Он долго что-то объяснял мне про эту крепкую реализацию, но я отвлеклась и почти не слушала его, с ужасом думая, что, может, не так уж не прав был Горчаков, когда высказывал подозрения в адрес практиканта, — о том, что не по рассеянности тот оставил дельце в баньке, а с четким умыслом и далеко идущими намерениями. Я тогда разубеждала Лешку и квалифицировала это как шпиономанию, но теперь моя уверенность была существенно поколеблена…
Денщиков, тем не менее, продолжал трудиться в городской прокуратуре, и ничто его не брало. Он рос по службе и дослужился до поста следователя по особо важным делам, никто его пальцем не трогал, несмотря на периодически случавшиеся запои, а также досадные недоразумения: утрату по пьяни уголовных дел (дважды) и прокурорского удостоверения. В то же время нашу помощницу, прокурора Ларису Кочетову, наказали за украденное у нее в трамвае удостоверение.
До смешного доходило: как-то Денщиков мне срочно понадобился, но на работе он не появлялся в течение двух дней, в то время как ему в табеле исправно ставили рабочие «восьмерки». Обозлившись, я плюнула на следственную солидарность и пошла прямиком к начальнику управления. У него сидел начальник отдела по надзору за следствием в прокуратуре Андрей Иванович Будкин, тихий, мягкий человек. (Про него легенды ходили, как он, не вынося бранных слов, чуть не упал в обморок, когда одна ушлая следовательница послала его, в связи с попыткой дать какие-то дурацкие указания, по сексуально-пешеходному маршруту:
«Пошел ты…» А он потом рапорты писал, что его обидели.) Когда я заикнулась, что не могу найти Денщикова, начальники переглянулись и, благостно махнув руками, чуть ли не в один голос заявили: «Так он, наверное, в запое… Дня три попьет, потом появится». Я аж крякнула про себя. Вот уж поистине: что позволено Юпитеру, то не позволено быку. Один только вопрос: где и кто раздает ярлыки?
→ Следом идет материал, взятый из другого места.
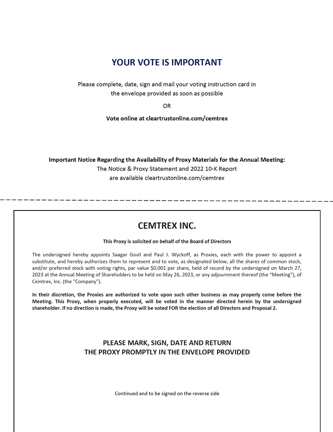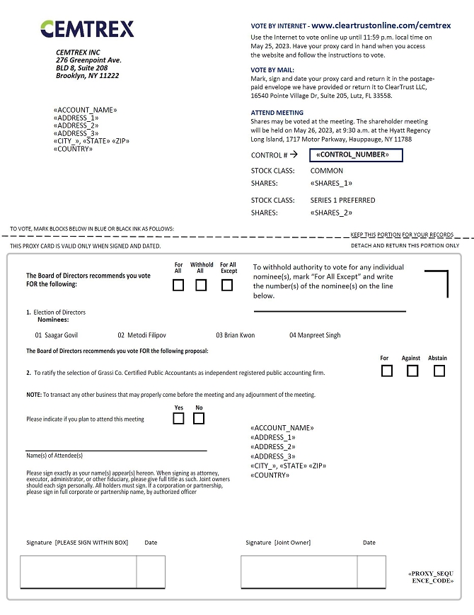 NOTICE IS HEREBY GIVEN that the Annual Meeting of Shareholders (the “Annual Meeting”) of CEMTREX, INC., a Delaware corporation (the “Company”), will be held at the Hyatt Regency Long Island, 1717 Motor Parkway, Hauppauge, NY 11788, on Friday May 26, 2023, at 9:30 a.m. Eastern Daylight Time, or at any adjournment thereof, for the following purposes: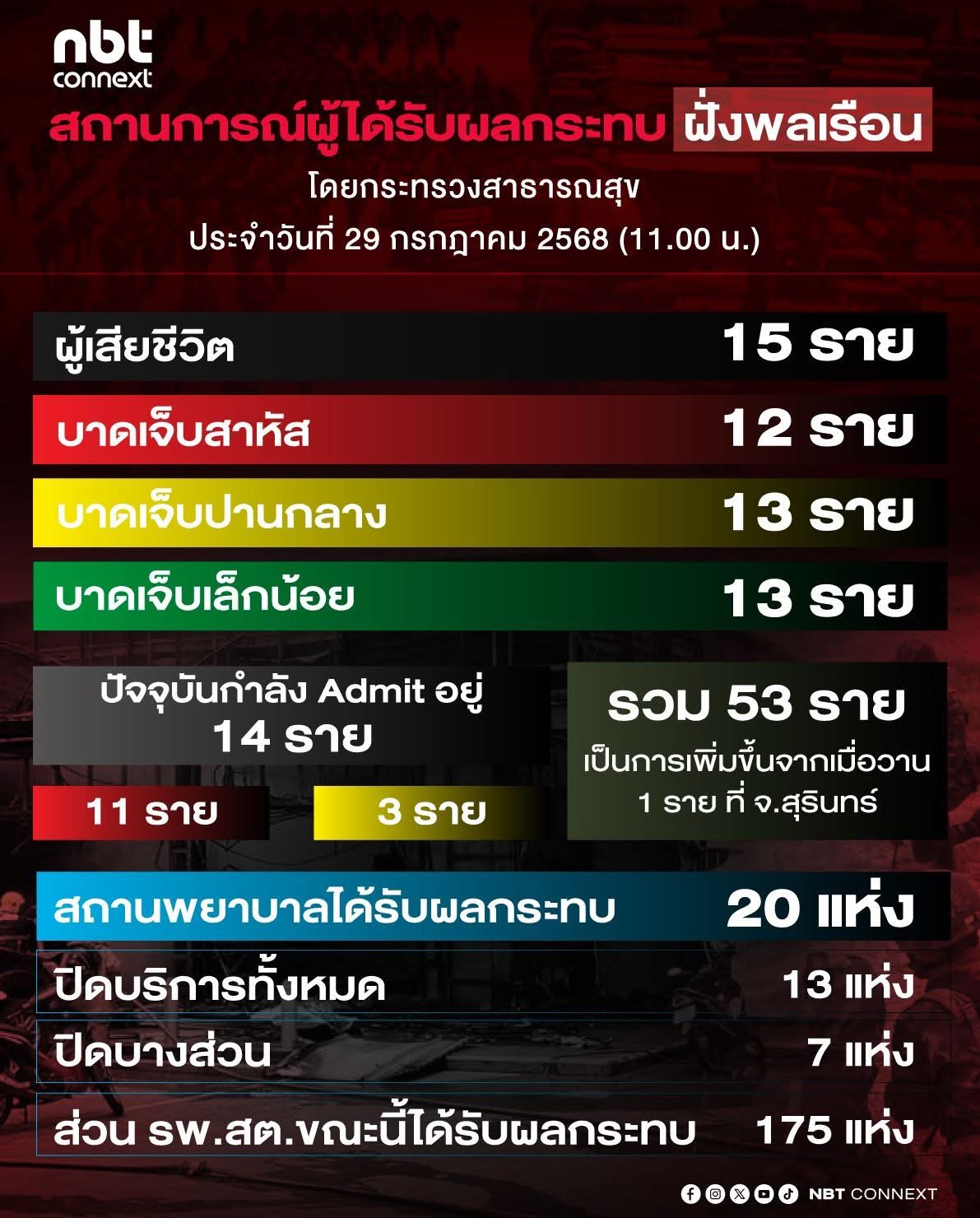 ทั้งนี้การอัปเดตสถานการณ์ชายแดนประจำวันนี้ (29 ก.ค.) กระทรวงสาธารณสุข แจ้งยอดเสียชีวิตของพลเรือนตอนนี้อยู่ที่ 15 ราย ส่วนกองทัพไทยระบุมีทหารกล้าสละชีพปกป้องแผ่นดินไปแล้ว 15 นายเช่นกัน.

Как это людям удается записаться в Юпитеры?..
— Так на чем малоуважаемый Игорь Алексеевич прокололся в этот раз? — повторил Горчаков. — Очередное дельце продал? Или дежурному прокурору морду набил?
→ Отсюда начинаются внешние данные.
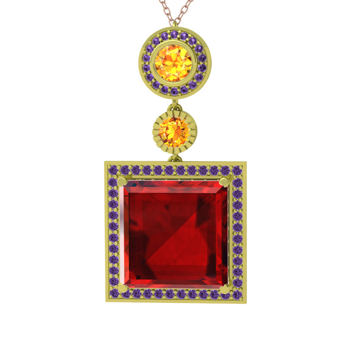 Garnet, sitrin ve ametist 14 ayar altın kolye (40 cm gümüş rolo zincir)
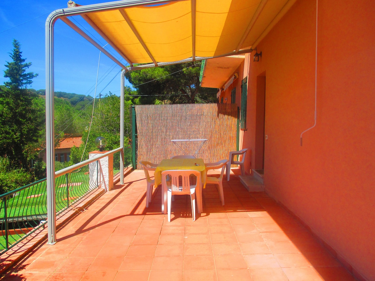 A cosy apartment overlooking the sea and the landscapes of Porto Azzurro bay. There is a large balcony with a sun awning giving shade in the warmest seasons. A peaceful area in the countryside with good local facilities. It's great out of season too for walking or cycling. Its a sunny apartment but very cool inside. In the winter months there is heating. The apartment is on the ground floor but has a few steps to reach the apartment from the car park. There is also free parking facilities.

— Пока не знаю. Сейчас прочитаю и все тебе расскажу.
— Маша, пока ты материал читаешь, дай дело Чванова глянуть, попросил Лешка. — Может, чего умное посоветую. Мне просто надо отвлечься, а то я еще в тюрьме возьму и вместо ксивы десятку суну.
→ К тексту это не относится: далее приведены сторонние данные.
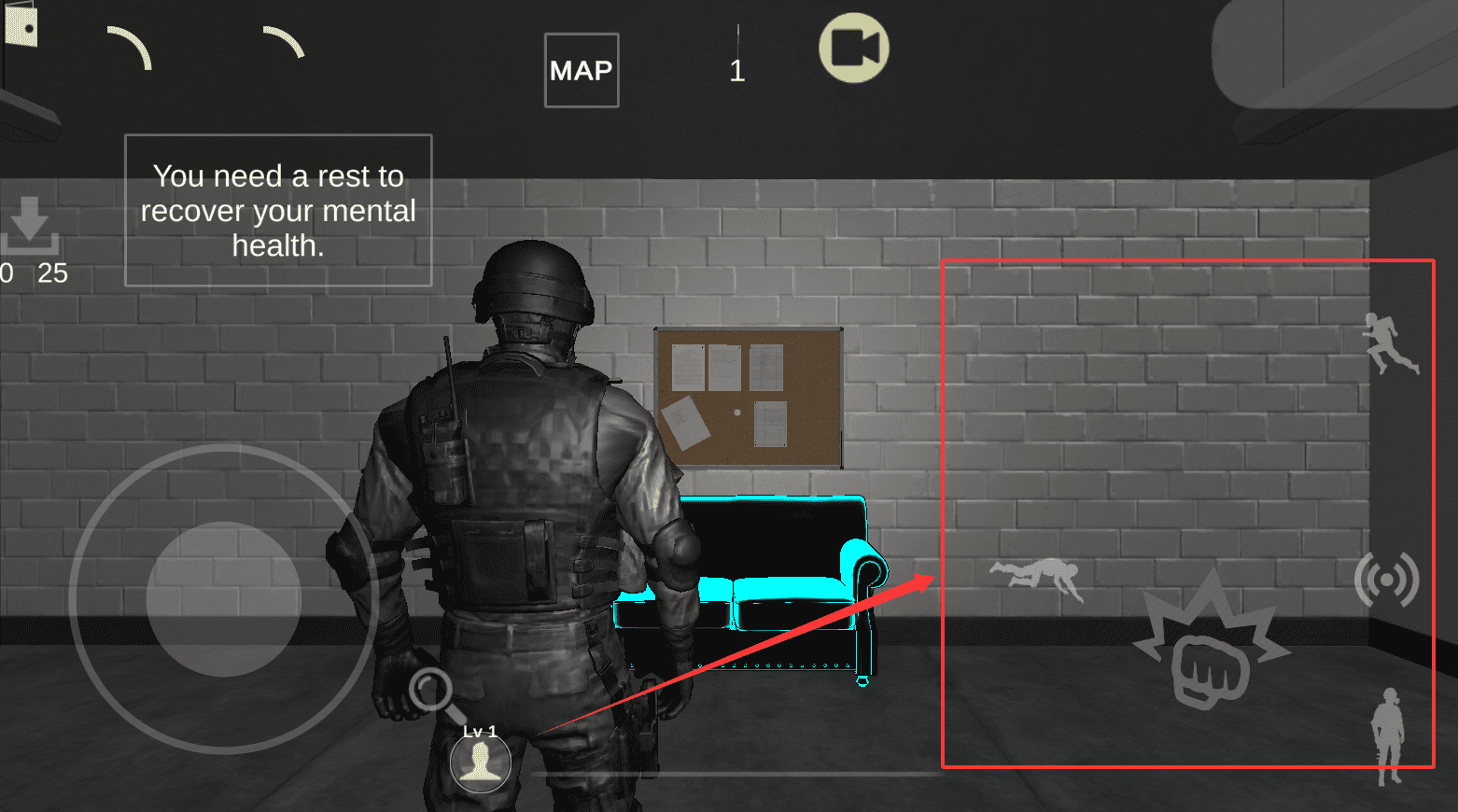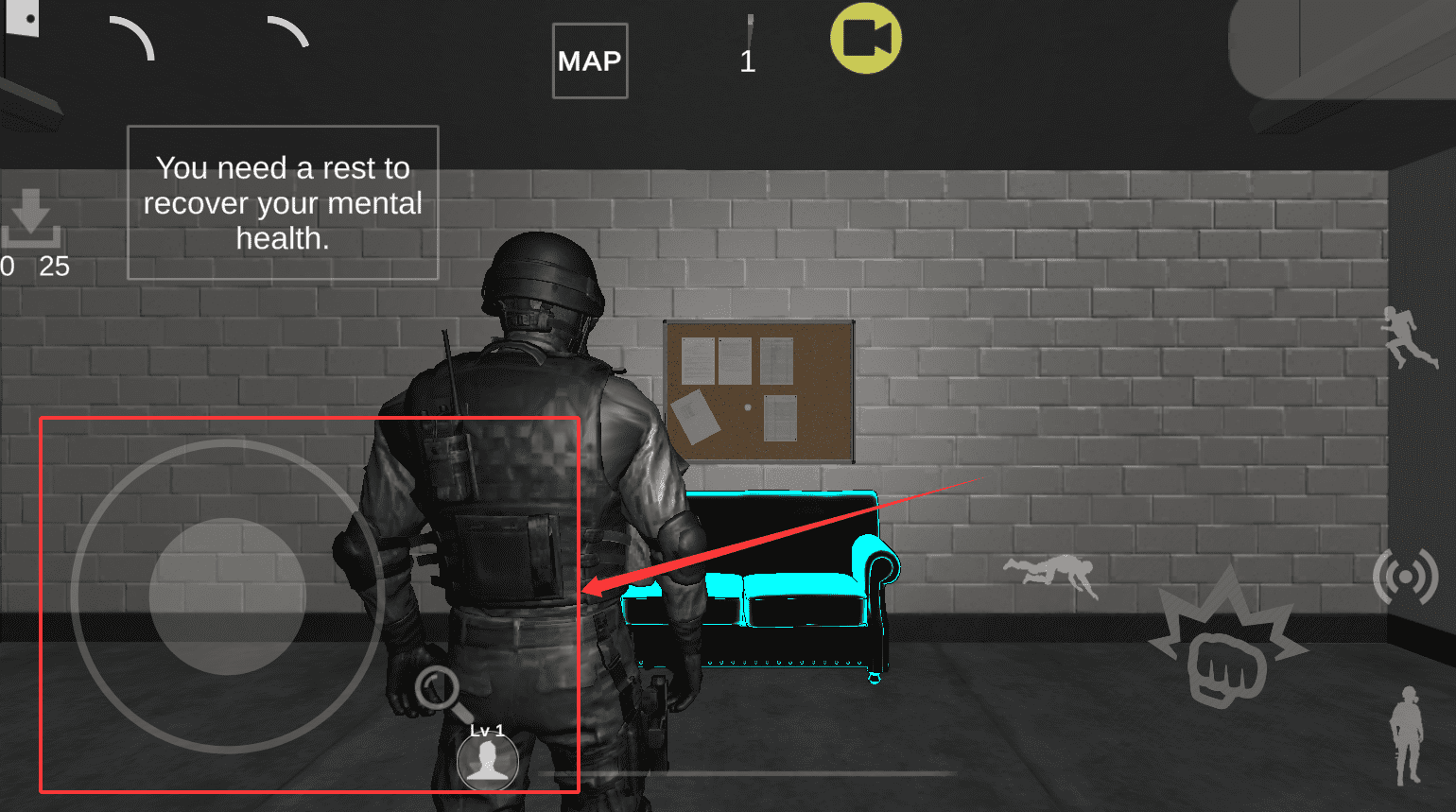 2、在游戏里的地图界面,也就是标着 MAP 的地方,你会看到一句提示说你得休息一下来恢复精神健康。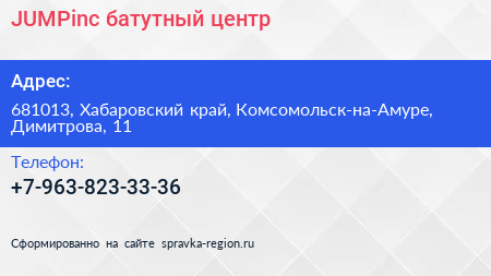 JUMPinc, батутный центр по адресу 681013, Хабаровский край, Комсомольск-на-Амуре, Димитрова, 11 в дальнейшем Организация, размещена в следующих категориях: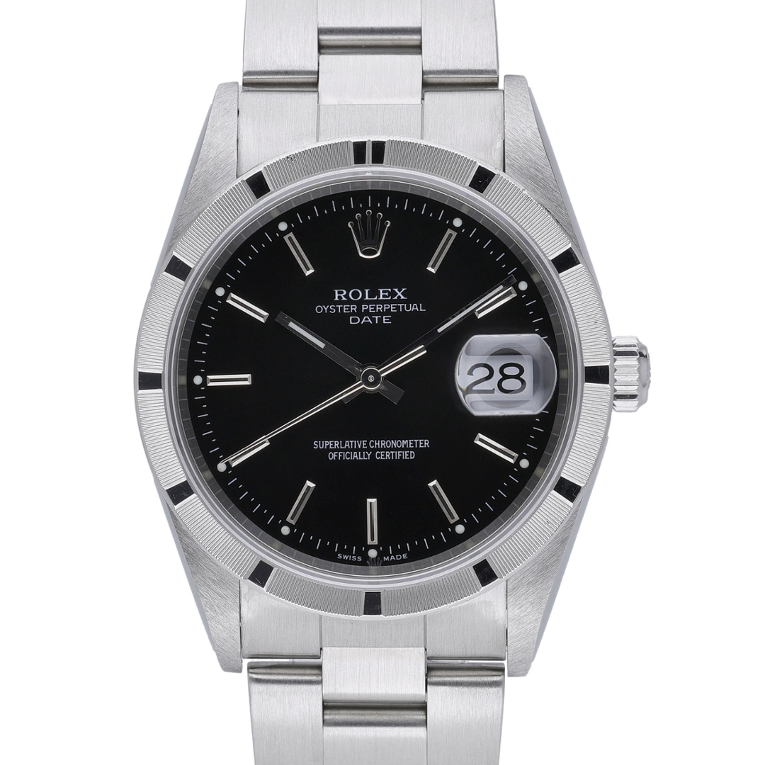 A Rolex Oyster Perpetual Date Watch in stainless steel, featuring the classic black dial that highlights the understated elegance of this versatile Rolex model. The 34mm Oyster case delivers balanced proportions that sit comfortably on the wrist, while the engine-turned bezel adds a distinctive textured detail that sets this reference apart from more traditional smooth or fluted designs.

— Я думаю, там примут, только лучше в баксах. На, только недолго, перед шефом неудобно. Опять застукает, подумает, что это я тебя морально разлагаю.
— А может, мы закроемся?
— Уверяю тебя, он подумает то же самое.
— Ну ладно, я тогда как бы чаю попью — надо развеяться.
— Ну попей, только сам завари чай.
Лешка заглянул в ящик стола, где хранились заварка и сахар, и порадовал меня сообщением, что чая больше нет.
— Светлая ему память. Очень сочувствую, но ничем помочь не могу, — грустно откликнулась я. — Сходи в магазин.
— На что? Последние деньги на сигареты истратил, до получки два рубля, — так же грустно ответил Лешка.
— А на два рубля теперь ничего не купишь. И вообще, капля никотина убивает лошадь…
— А хомяка разрывает на части, — привычно продолжил Лешка. — Ты у шефа про зарплату не спрашивала? Никаких сведений? — безнадежно задал он дежурный вопрос.
— Спрашивала. Угадай, что он мне ответил?
— Небось сказал: «Слышали, что зам Генерального говорил — спасибо, что вам хоть в том же месяце платят, хоть и с опозданием, вот военным уже на полгода зарплату задерживают».
— Точно. Но вообще-то для меня, как для человека, живущего на зарплату, задержка денег даже на три дня — катастрофа, в прямом смысле. Перед зарплатой рассчитываешь деньгу до копейки и с трудом без долгов доживаешь до заветного числа, а если в день зарплаты приходишь на работу и узнаешь, что — облом, пропадает, честно говоря, желание корячиться на службе сверх положенного.
— Да брось ты, Машка, тебя хоть дустом посыпь, ты все равно будешь корячиться. И я такой же идиот. После десяти лет работы на следствии мозги уже не переделаешь.
С этими словами Лешка схватился за дело об убийстве Чванова и стал разглядывать фототаблицы. Через пару минут он поднял глаза, мы посмотрели друг на друга и хрюкнули от смеха. Да уж, вот сладкая парочка с деформированными мозгами!
— Блин, мне на это изобилие смотреть больно! — Лешка тыкал пальцем в снимки содержимого холодильника и кухонного стола на даче Чвановых. — Тут тебе и пицца, и дыни, и виноград, и нарезка всякая. Булочки с кунжутом! Я сейчас слюной захлебнусь! Странно, что дежурная группа этого не съела.
— Почем ты знаешь? Сначала сфотографировали, потом перекусили, обычная история. Хотя я этого не понимаю.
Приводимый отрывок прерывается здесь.